Start of Block

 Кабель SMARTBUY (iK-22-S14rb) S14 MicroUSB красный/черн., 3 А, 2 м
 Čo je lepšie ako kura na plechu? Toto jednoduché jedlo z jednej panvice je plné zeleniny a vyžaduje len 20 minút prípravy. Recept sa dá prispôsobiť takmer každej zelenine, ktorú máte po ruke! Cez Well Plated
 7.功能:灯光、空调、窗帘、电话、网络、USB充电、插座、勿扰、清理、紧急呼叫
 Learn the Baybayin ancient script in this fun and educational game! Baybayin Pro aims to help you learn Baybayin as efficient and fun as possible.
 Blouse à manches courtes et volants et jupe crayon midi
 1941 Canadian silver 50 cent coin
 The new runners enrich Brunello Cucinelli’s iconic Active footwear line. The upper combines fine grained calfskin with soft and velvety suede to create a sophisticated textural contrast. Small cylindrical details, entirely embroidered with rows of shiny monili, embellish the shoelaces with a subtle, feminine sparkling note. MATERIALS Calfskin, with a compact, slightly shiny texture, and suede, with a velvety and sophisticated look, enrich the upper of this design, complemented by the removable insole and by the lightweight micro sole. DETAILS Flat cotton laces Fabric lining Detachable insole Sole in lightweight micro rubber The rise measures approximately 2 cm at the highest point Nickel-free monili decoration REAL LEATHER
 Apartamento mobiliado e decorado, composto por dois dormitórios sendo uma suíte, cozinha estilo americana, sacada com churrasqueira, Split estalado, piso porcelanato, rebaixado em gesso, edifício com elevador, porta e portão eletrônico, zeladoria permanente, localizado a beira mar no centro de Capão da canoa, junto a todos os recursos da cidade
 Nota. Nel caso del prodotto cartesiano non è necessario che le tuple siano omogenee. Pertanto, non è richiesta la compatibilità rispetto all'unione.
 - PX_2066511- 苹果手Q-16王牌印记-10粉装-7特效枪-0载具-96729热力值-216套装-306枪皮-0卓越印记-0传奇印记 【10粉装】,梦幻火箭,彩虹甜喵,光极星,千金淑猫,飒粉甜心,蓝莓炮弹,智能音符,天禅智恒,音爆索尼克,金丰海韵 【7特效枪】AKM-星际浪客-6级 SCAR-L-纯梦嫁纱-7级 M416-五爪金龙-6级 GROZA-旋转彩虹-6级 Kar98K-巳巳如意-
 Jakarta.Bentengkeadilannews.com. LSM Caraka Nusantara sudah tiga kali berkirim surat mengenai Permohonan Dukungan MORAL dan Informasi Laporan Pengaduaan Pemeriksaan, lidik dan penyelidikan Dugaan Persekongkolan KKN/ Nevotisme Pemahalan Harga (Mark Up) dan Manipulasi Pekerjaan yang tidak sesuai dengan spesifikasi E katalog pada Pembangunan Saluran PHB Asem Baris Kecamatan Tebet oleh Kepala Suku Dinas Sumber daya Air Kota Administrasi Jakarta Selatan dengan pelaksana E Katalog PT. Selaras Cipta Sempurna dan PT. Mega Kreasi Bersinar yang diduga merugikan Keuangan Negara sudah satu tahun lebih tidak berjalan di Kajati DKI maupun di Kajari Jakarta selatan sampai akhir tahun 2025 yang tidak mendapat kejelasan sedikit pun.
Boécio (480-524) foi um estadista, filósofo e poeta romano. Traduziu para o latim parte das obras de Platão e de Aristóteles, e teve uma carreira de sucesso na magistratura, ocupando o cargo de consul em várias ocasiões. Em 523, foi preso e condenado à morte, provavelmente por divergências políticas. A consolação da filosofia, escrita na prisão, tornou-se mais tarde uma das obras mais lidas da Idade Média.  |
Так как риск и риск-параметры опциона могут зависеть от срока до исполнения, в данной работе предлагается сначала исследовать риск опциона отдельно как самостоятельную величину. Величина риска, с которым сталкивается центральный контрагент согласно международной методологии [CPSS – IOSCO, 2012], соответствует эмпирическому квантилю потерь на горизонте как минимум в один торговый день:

End of Block
Start of Block

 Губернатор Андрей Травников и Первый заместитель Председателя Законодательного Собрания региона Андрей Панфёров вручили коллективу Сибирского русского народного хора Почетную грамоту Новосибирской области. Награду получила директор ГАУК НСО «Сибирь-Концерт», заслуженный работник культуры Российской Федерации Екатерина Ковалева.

End of Block
Start of Block

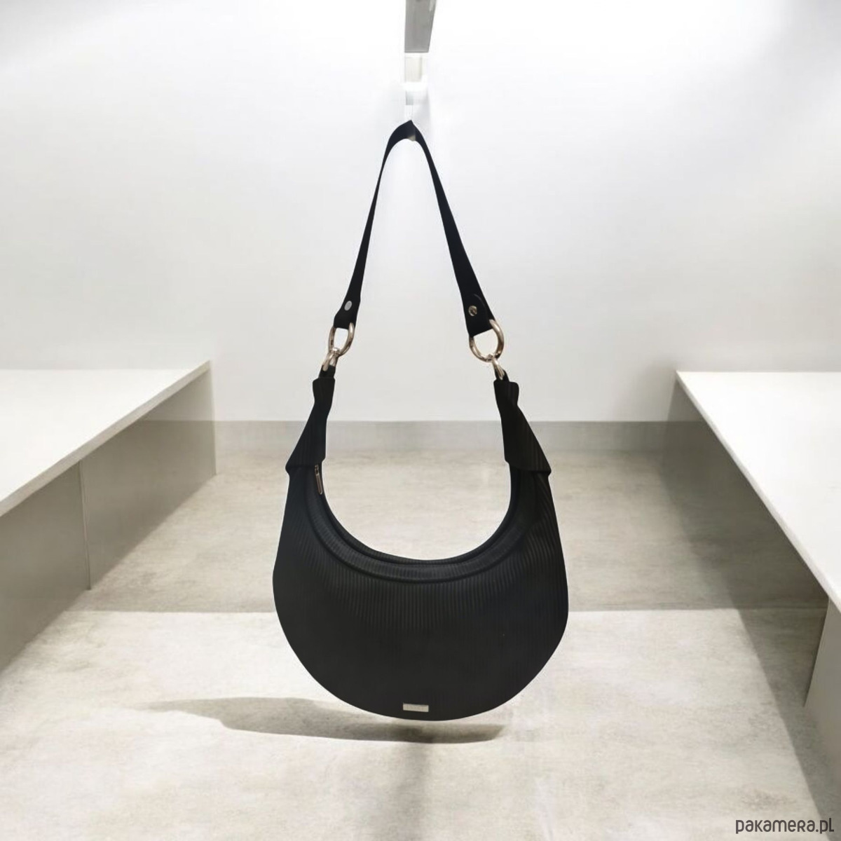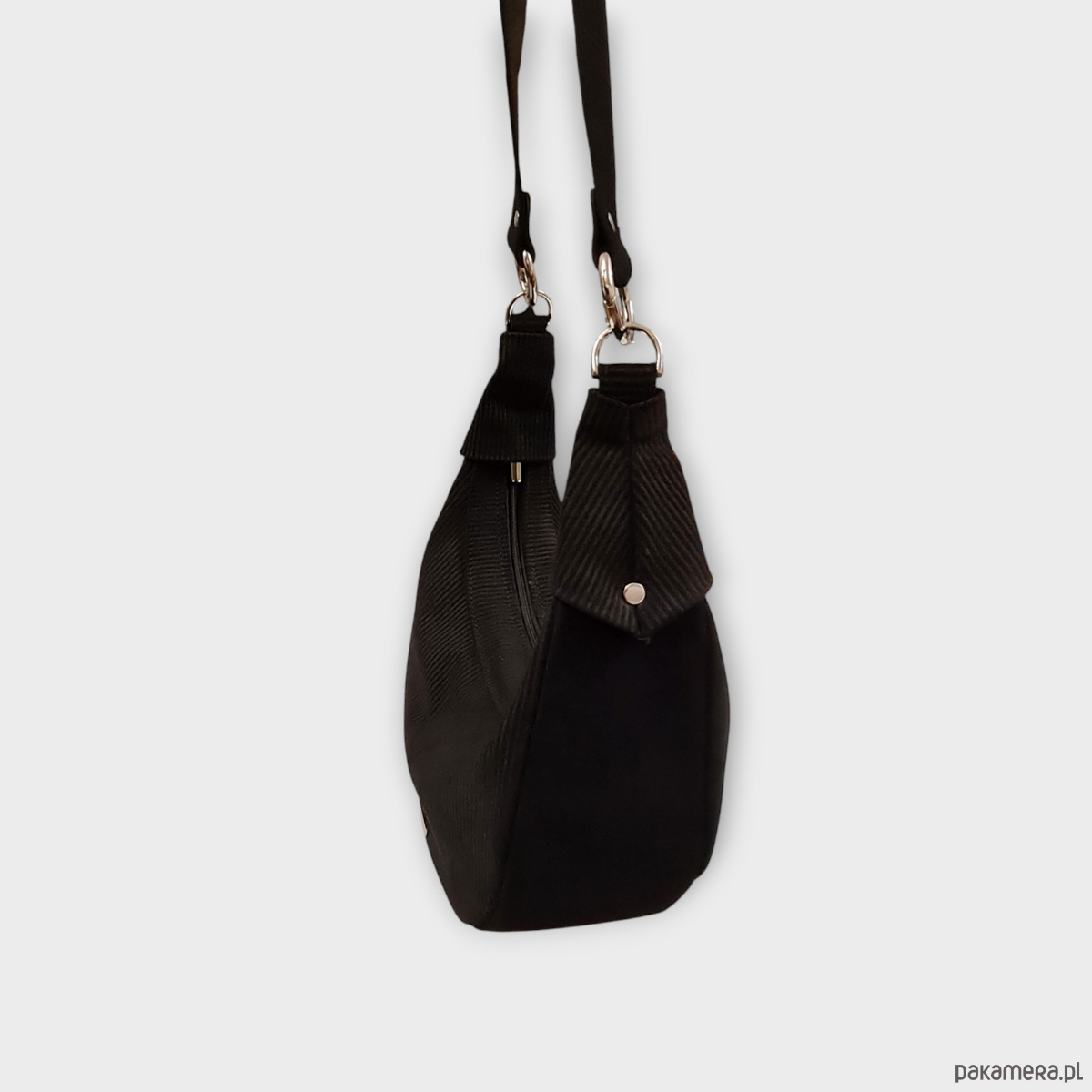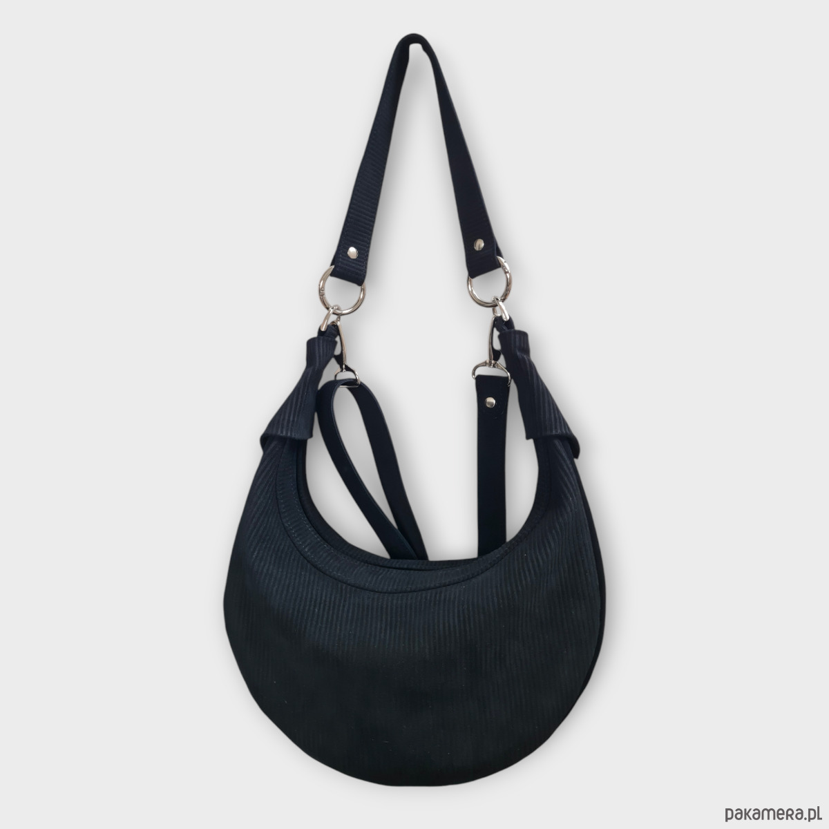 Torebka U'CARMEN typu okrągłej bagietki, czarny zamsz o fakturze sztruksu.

End of Block

▶ **WHAT IS BEING ASKED**: Among the lines of the entries above, count those containing the string "this". Write the number alone.

▶ **RESULT OF THE EXERCISE**: 2